普段から「もの忘れ」をする人は多い。単なるもの忘れなのか、本当の認知症予備軍なのか心配になるが、番組ではそのチェック方法と、軽度認知障害から回復した人が登場し、脳の活性化の意外な秘訣を紹介した。
危険な「もの忘れ」とセーフな「もの忘れ」の違い
番組の冒頭、リポーターのお笑い芸人・矢田部俊がクイズを出した。
「軽度認知障害といってもピンとこない人が多いですから、普段の生活の中でよくある物忘れで、どれが大丈夫か危険か、チェックしてみましょう」
問題は次の5つだ。
(1)よく会う人の名前を忘れる。
(2)用があって部屋を移動したのに、何をするつもりだったか忘れる。
(3)人と会う約束を忘れる。
(4)昨晩の食事のおかずを忘れる。
(5)前に買ったことを忘れて同じ本を買ってしまう。
MCの三宅裕司「用があって移動したのに忘れることは、よくあるね」
MCの渡辺満里奈「私もあります。同じところからもう一度やり直します」
矢田部「2人ともヤバいですね。この中で軽度認知障害の危険信号は(2)(3)(5)なんですよ。(1)と(4)は大丈夫なもの忘れです」
三宅「人の名前を忘れるのが、なぜオッケーなの?」
ここで記憶の専門家、脳神経外科医の奥村歩医師が登場しこう説明した。
「簡単に言うと、最近の出来事を忘れたり、直近の予定を覚えていなかったりするのが非常に危ないんです」
奥村医師によると、記憶は3つのプロセスから成り立つ。(1)出来事を覚える(2)記憶を貯める(3)記憶を取り出す、の3つの段階だ。「人の名前を思い出せない」とか「昨晩のおかずを忘れる」のは、第3段階の「記憶を取り出す」ことが難しい状態で、まだ相手の顔や昨晩食事をしたこと自体は覚えているからセーフなのだ。しかし、人に会う予定や買った本を忘れることは、第1段階の「出来事を覚える」ことに問題があるから、かなり深刻なのだ。
覚える段階で異変が起こるのは、認知症の中でも最も患者が多い「アルツハイマー型認知症」の前段階の心配がある。脳神経細胞が破壊され、記憶をつかさどる海馬が縮んでしまう病気だ。
三宅「怖いなあ。私も危ないですか?」
奥村医師「たまになら心配はありませんが、頻発するようなら専門医に診てもらってください。たとえば、財布を片づけた場所を忘れることはセーフなもの忘れです。しかし、自分が忘れたのに『誰かが盗った』と思う場合は、『物盗られ妄想』と診断される代表的な認知症の初期段階です」
「おでんの具の名前」をすぐ7つあげられるか
危険なもの忘れを自分でチェックする方法がある。脳のメカニズムに詳しい古賀良彦・杏林大学教授が「マジック7(セブン)」と呼ばれる記憶力チェック法をスタジオで披露した。1つのお題に対して7つのものをすぐ答えられるかチェックする。たとえば、「野菜の名前」というお題なら、野菜の名前をすぐに7つあげる。古賀教授によると、人は1つのお題に7つまではすぐ答えられる。4つ以下の場合は記憶力が低下している可能性がある。

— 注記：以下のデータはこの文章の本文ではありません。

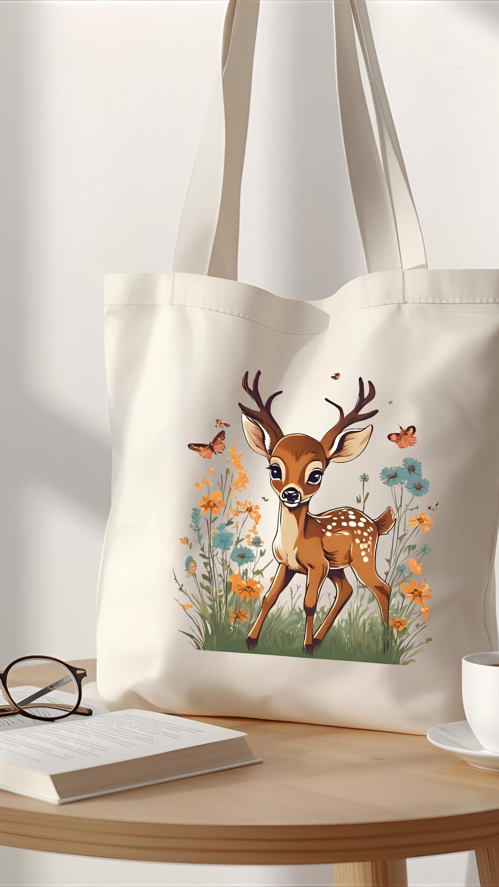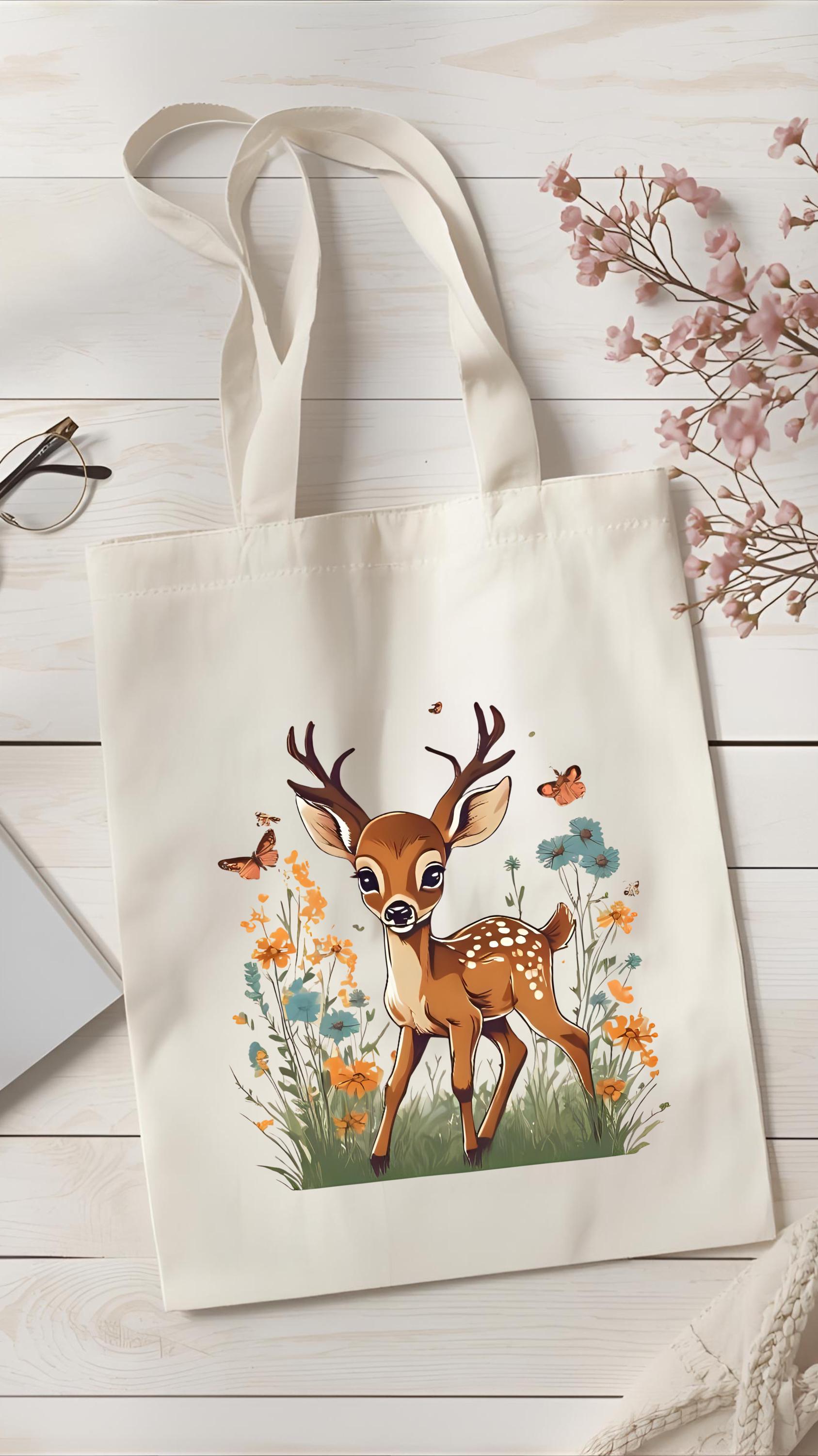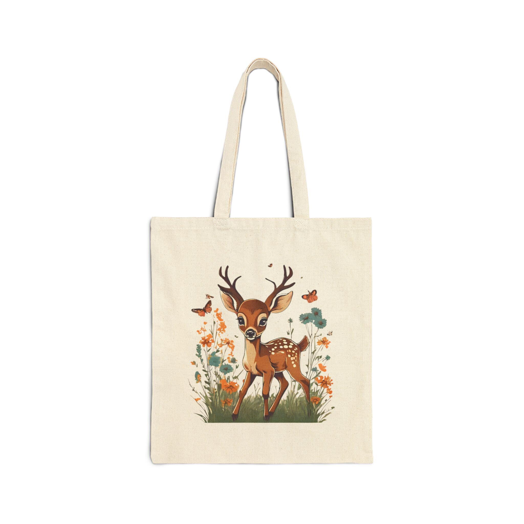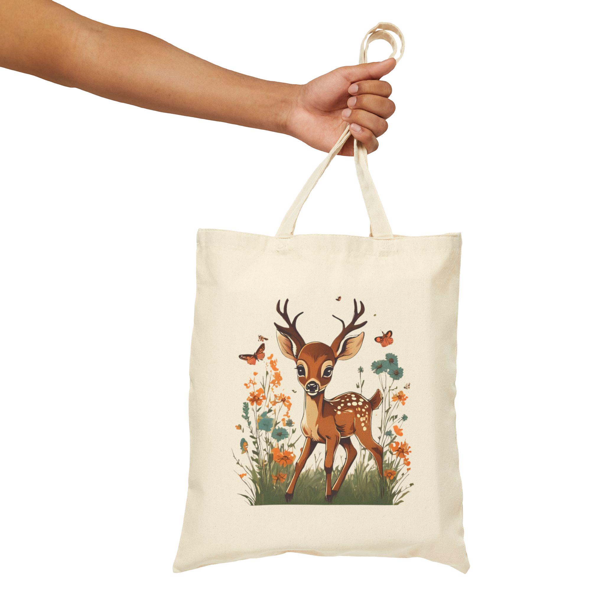 This Botanical Deer and Fawns Tote Bag is perfect for eco-friendly shopping. Made from 100% cotton canvas, this sturdy and durable bag is ideal for carrying groceries, books, or everyday essentials. Its natural and black color options make it versatile for any outfit or occasion. This tote bag is a must-have for nature lovers and environmentally conscious individuals, and it makes a great gift for birthdays, holidays, or just because.
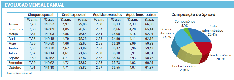 Adicionalmente, nem todo o dinheiro depositado nos bancos pode ser emprestado livremente. Parte obrigatoriamente deve ser direcionada a setores que o governo tem interesse em estimular. Do total de crédito ofertado no Brasil até o mês de outubro, 36% correspondem aos créditos direcionados: 19,8% são do BNDES; 10,7% vão para a agricultura; 5,2% para a habitação; e 0,3% são outros. A inadimplência implica custo, que é repassado ao tomador do crédito, seja ele bom ou mau pagador. Os bancos trabalham com médias históricas de inadimplência e adotam programas sofisticados de acompanhamento de risco de crédito, mas é comum
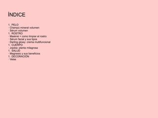 El documento describe una variedad de productos de cuidado personal, incluyendo champús en polvo, serums para el cabello y productos para el cuidado de la piel que abordan problemas como el 'maskné'. Se enfatiza la importancia de mantener una rutina de cuidado que incluya limpieza, hidratación y aplicación de productos específicos, como sérums faciales y cremas nutritivas. Además, se menciona la relevancia de vitaminas y magnesio para la salud general, sugiriendo el uso de complementos alimenticios para cubrir deficiencias.
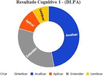 Assim, percebe-se que houve uma transformação no desenvolvimento cognitivo dos estudantes, quando se comparam estes resultados com aquele apresentado na avaliação realizada no momento zero, já que mais de 70%, no primeiro momento, não atingiram os níveis «lembrar, entender e aplicar»; e, após a aula expositiva e resolução de exercício sobre a DLPA, houve acomodação quanto ao conteúdo, visto que 9,38% «lembraram», 34,38% «entenderam» e 12,50% «aplicaram» estes conhecimentos de forma total, e, de forma parcial, 53,13% «lembraram», 31,25% «entenderam» e 50% «aplicaram» parcialmente. Cabe ressaltar, ainda, o desenvolvimento obtido no nível «Analisar», alcançado por 50% dos estudantes, depois da aula expositiva e da resolução de exercício.

矢田部「では三宅さん、『おでんの具の名前』を7つあげてください」
三宅「ちくわ、ちくわぶ、昆布、ジャガイモ、ハンペン、ガンモドキ......え~と、ソーセージ」
渡辺「ソーセージはダメでしょ。ダイコンをなぜ入れないの?」
古賀教授「三宅さん、さっと素早く言えたので立派です」
番組では、91歳で「軽度認知障害」から回復した鈴木恒子さんが登場した。鈴木さんは、友だちと食事の約束をしたことを忘れ、友だちから「あなた! 何時間お店で待ったと思ってるの!」と怒りの電話が来ても、すぐに電話があったことさえ忘れる有様だった。現在は、友だちとの会食を楽しんでいる。
鈴木さんの回復方法は、「エステに行くこと」だった。毎週火曜日に近所のエステに通い、ローションを塗ってもらい、たっぷりマッサージを受けるのだ。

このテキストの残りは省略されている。